Provided records
══════════

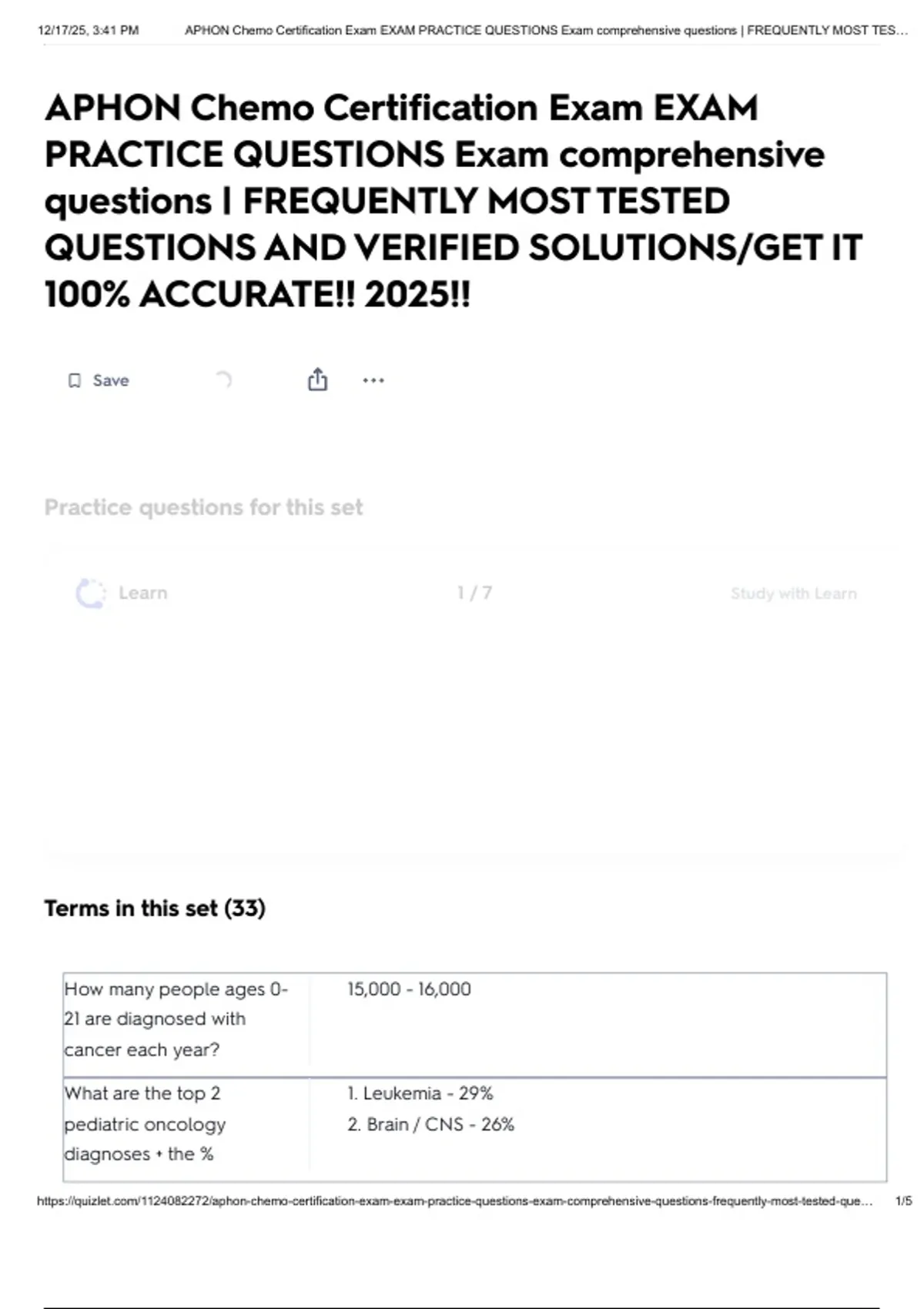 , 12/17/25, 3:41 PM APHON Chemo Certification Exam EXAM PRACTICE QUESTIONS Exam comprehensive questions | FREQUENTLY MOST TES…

══════════

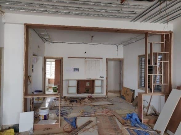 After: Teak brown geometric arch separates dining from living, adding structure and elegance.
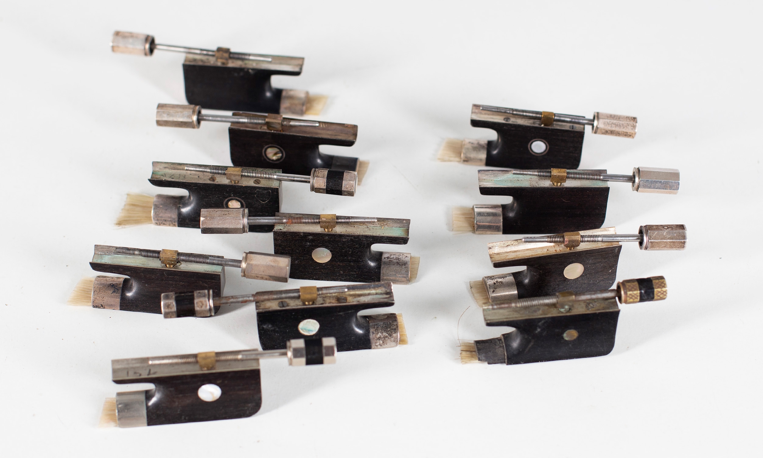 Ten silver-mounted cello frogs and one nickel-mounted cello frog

══════════

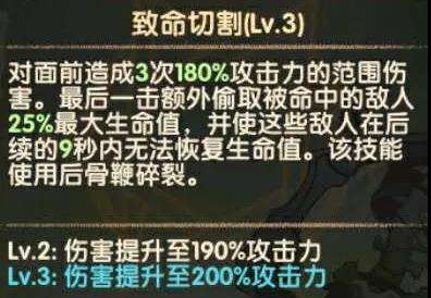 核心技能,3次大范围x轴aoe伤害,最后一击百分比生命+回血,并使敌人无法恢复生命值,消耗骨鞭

══════════

Work instruction
From the data above, retype only the lines starting with the line with "After: Teak brown" and going on through the line with "Ten silver-mounted cello", exactly, leaving out the pictures.

Response to this task
 After: Teak brown geometric arch separates dining from living, adding structure and elegance.
 Ten silver-mounted cello frogs and one nickel-mounted cello frog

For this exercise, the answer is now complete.